Wrong I know a little about everything, and I know everything about almost everything. BTW whats an alkylaid????


----------



## Killdee (Nov 7, 2007)

strutrut247 said:


> i think its photoshopped too. Woody we really need to check the integrity of people before we let them be a member. haha. Great picture and a dang nice buck.
> 
> How many Megapixals is your camera



Its a 4.1mp Sony set on fine. I also use optical quality glass for my shutter lens.


----------



## dognducks (Nov 7, 2007)

hope you get him this year


----------



## Holton (Nov 8, 2007)

Nice pictures!


----------



## Trizey (Nov 8, 2007)

Sweet buck!


----------



## Ol' 30-30 (Nov 8, 2007)

That could be a Desktop pic.


----------



## Killdee (Nov 10, 2007)

The after story is here.

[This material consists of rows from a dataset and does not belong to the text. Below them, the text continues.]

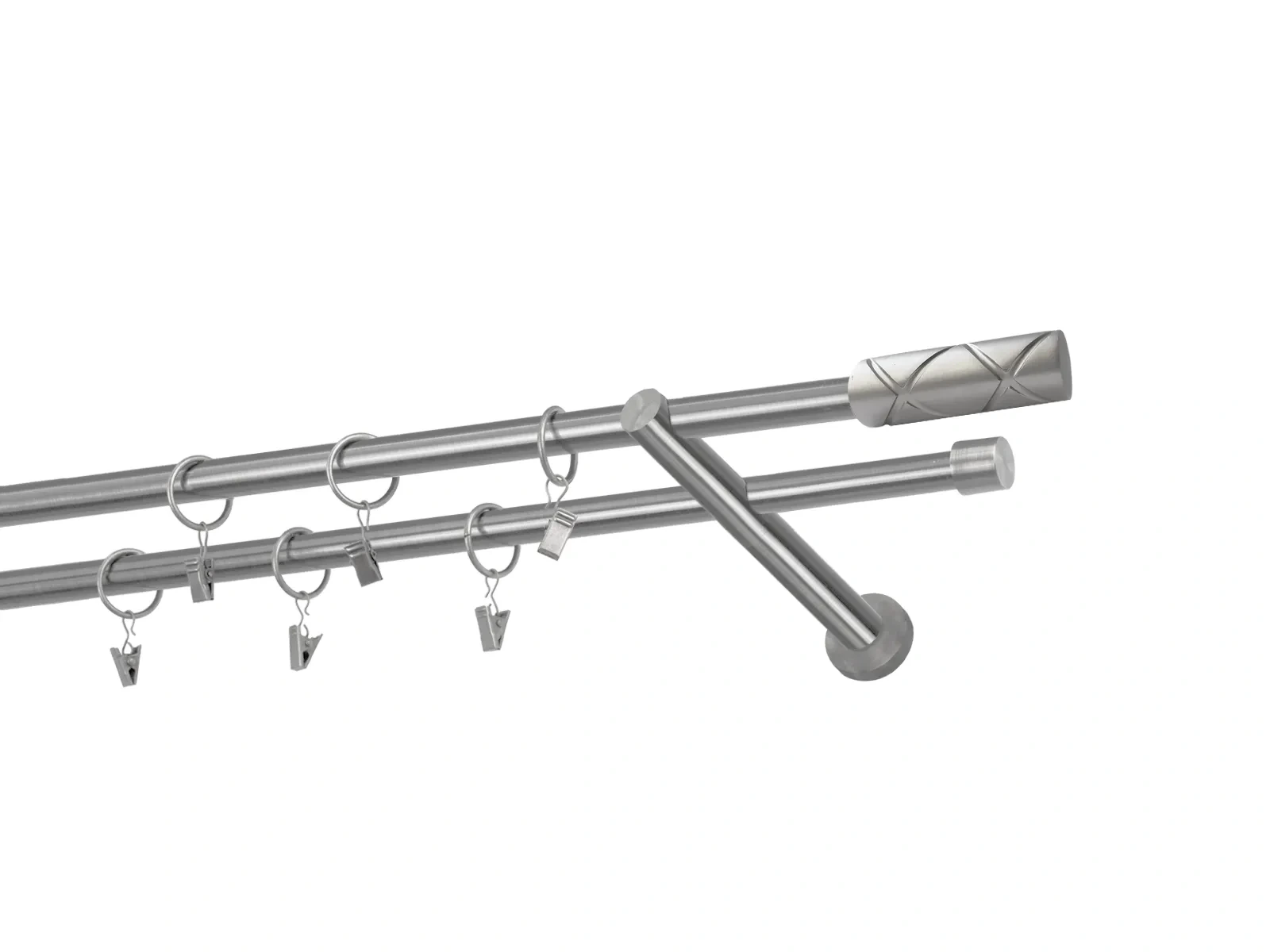 Dvojradová garniža s povrchovou úpravou - odtieň satin-nikel (matné striebro). Celokovové garniže s kvalitnou povrchovou úpravou - galvanické pokovovanie. Galvanické pokovovanie zabezpečuje vyššiu povrchovú tvrdosť, zvýšenú dolnosť voči poškriabaniu, hladký povrch. Dodávané sú v kompletoch.
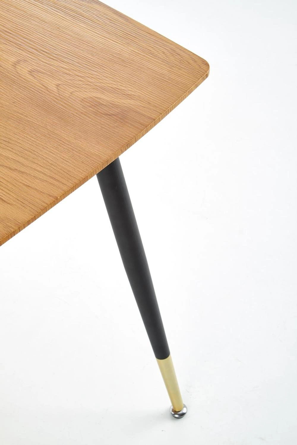 Deska imitující přírodní dub zlatý je nejen odolná vůči každodennímu používání, ale také velmi snadná na údržbu – stačí ji otřít vlhkým hadříkem. Stabilní černé kovové nohy zajišťují dlouhou životnost a spolehlivost i při intenzivním používání. Precizní zpracování dělá z tohoto stolu spolehlivou volbu pro každodenní využití.
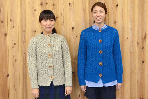 | 使っている糸が違っていて、 ベージュのほうが 腕をキュッとつかまれるような フィット感があるんですよ。 ブルーのほうはゆったりめです。 |
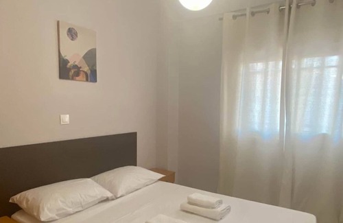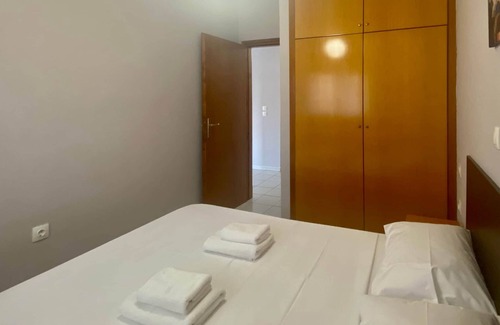 A one-bedroom apartment which can accommodate up to 3 guests, located on the first floor of a one-level building in the centre of Hanioti, Chalkidiki.
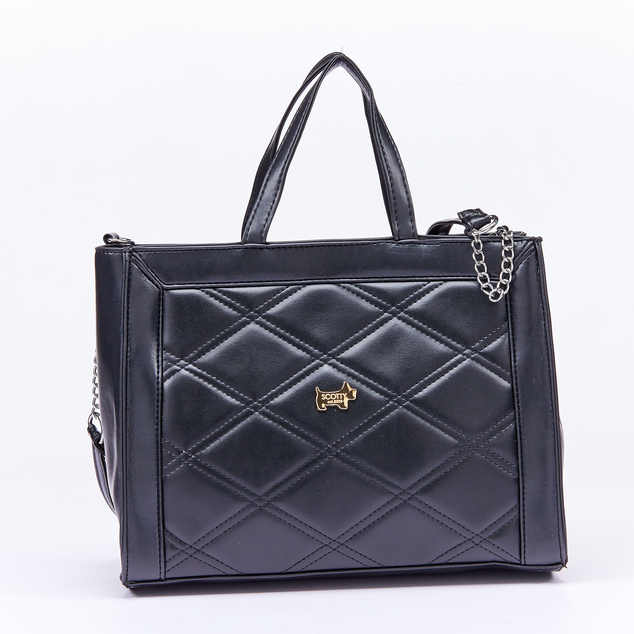 This chic classic bowler satchel and crossbody handbag boasts a structured silhouette, spacious interior with internal zippers, and a long adjustable strap for added versatility. The quilted front adds extra class and elegance.
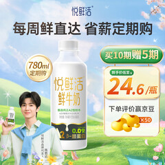 ¥36.90悦鲜活鲜牛奶 定期购 A2β-酪蛋白780ml家庭装【陈哲远推荐】低温鲜奶
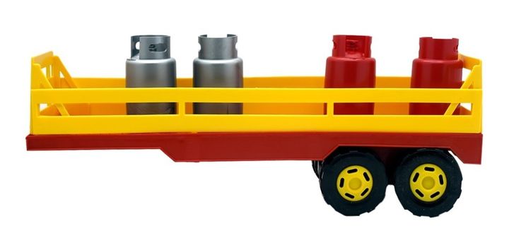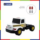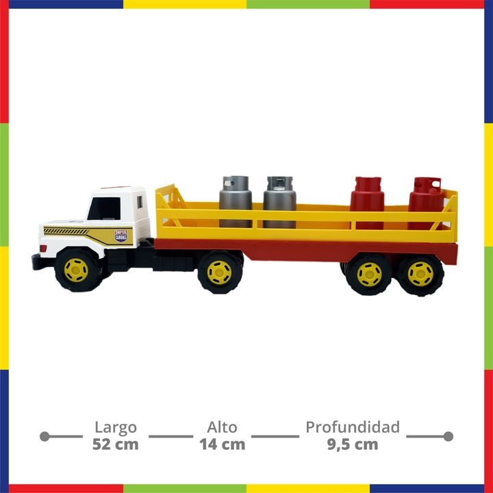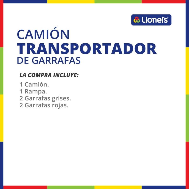 PODEROSO CAMION SUPER TRANSPORTERS LIONEL´S * Camion Transportador Garrafas, incluye 2 garrafas rojas y 2 grises ( 7,5 cm alto) Medida Aproximada : 51 cm largo X 14 cm alto X 9,5 cm ancho * No es recomendable para niños menores de 3 años por tener piezas pequeñas

Thanks for all the compilements.Yes I was wearing my lucky woodys hat.


http://forum.gon.com/showthread.php?p=1582589#post1582589


----------



## rip18 (Nov 10, 2007)

All Right!  Congratulations!


----------



## 11P&YBOWHUNTER (Nov 10, 2007)

Awe shucks...you gone and shot him!!  Why??  he was a perfect model!  Congrats!!  He is a keeper!!


----------



## Hoss (Nov 11, 2007)

Congrats Killdee.  Awesome.

Hoss


----------



## Woody (Nov 11, 2007)

Great shots Tony.

As my Granny use to say --- "I knew he was living on borrowed time."


----------



## Gunsmoke (Nov 11, 2007)

You didn't have to shoot him to show it ain't a photoshop job.(just kidding)I just never saw a trail camera with  resolution like you have  on yours thats why i said it looked photoshopped.Anyway Congrats on a  beautiful buck.


----------